● Task item
When you return the data, keep every line exactly as it is and leave out the pictures.

● Raw data

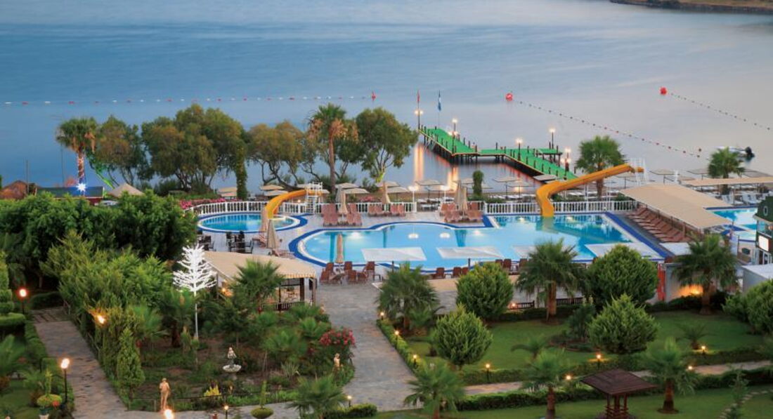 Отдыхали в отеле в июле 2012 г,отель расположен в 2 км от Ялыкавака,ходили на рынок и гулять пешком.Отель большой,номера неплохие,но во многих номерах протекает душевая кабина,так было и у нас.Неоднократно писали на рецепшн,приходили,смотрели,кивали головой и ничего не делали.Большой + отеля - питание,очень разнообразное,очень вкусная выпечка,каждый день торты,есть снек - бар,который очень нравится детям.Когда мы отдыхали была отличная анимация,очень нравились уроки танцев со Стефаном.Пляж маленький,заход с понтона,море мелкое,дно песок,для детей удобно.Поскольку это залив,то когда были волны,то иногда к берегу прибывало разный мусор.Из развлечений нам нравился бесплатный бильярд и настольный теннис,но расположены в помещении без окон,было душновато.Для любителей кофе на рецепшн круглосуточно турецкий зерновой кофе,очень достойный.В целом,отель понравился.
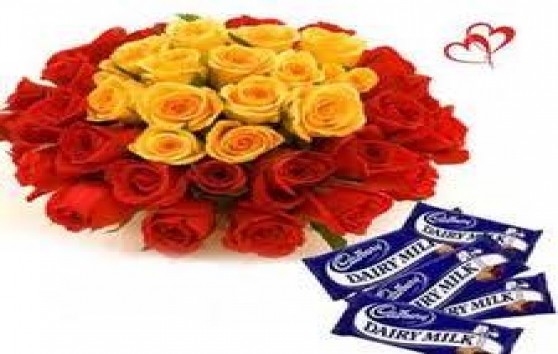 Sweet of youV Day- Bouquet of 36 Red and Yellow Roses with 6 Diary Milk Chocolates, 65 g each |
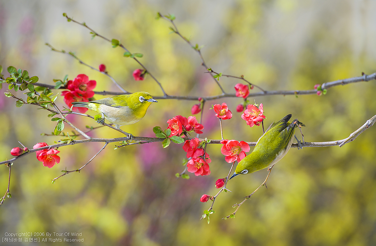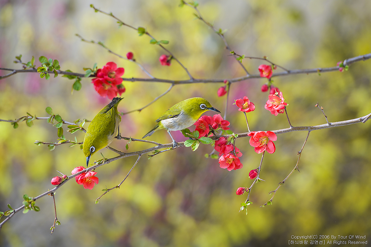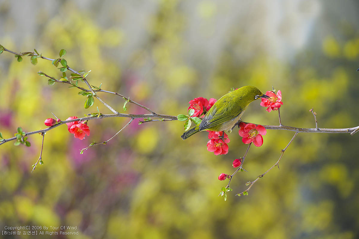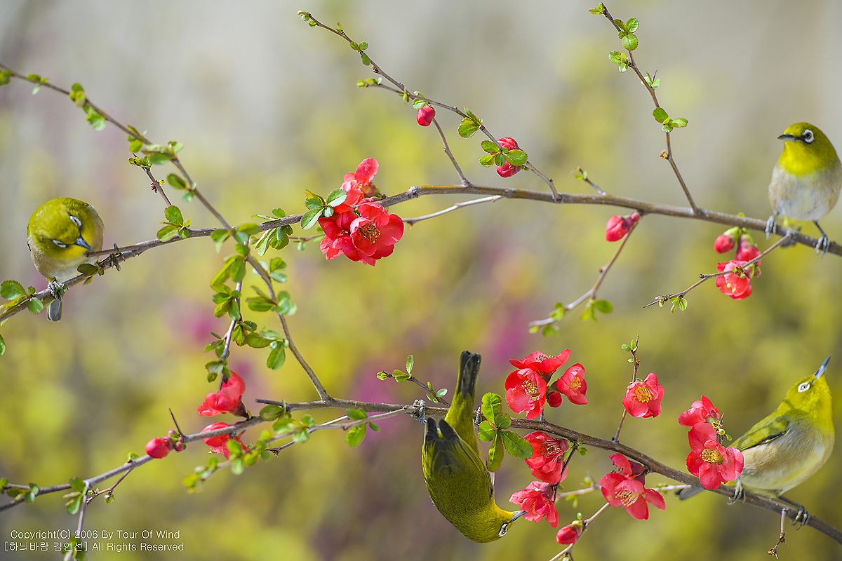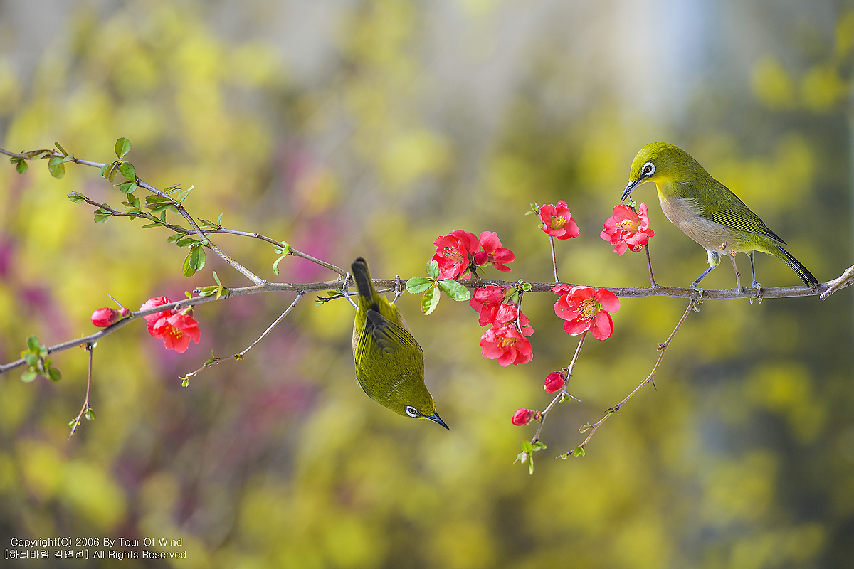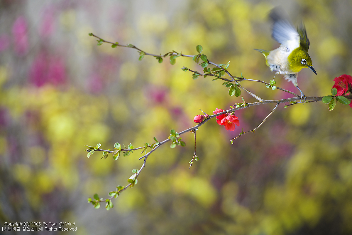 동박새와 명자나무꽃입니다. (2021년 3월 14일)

● Answer to the exercise
 Отдыхали в отеле в июле 2012 г,отель расположен в 2 км от Ялыкавака,ходили на рынок и гулять пешком.Отель большой,номера неплохие,но во многих номерах протекает душевая кабина,так было и у нас.Неоднократно писали на рецепшн,приходили,смотрели,кивали головой и ничего не делали.Большой + отеля - питание,очень разнообразное,очень вкусная выпечка,каждый день торты,есть снек - бар,который очень нравится детям.Когда мы отдыхали была отличная анимация,очень нравились уроки танцев со Стефаном.Пляж маленький,заход с понтона,море мелкое,дно песок,для детей удобно.Поскольку это залив,то когда были волны,то иногда к берегу прибывало разный мусор.Из развлечений нам нравился бесплатный бильярд и настольный теннис,но расположены в помещении без окон,было душновато.Для любителей кофе на рецепшн круглосуточно турецкий зерновой кофе,очень достойный.В целом,отель понравился.
 Sweet of youV Day- Bouquet of 36 Red and Yellow Roses with 6 Diary Milk Chocolates, 65 g each |
 동박새와 명자나무꽃입니다. (2021년 3월 14일)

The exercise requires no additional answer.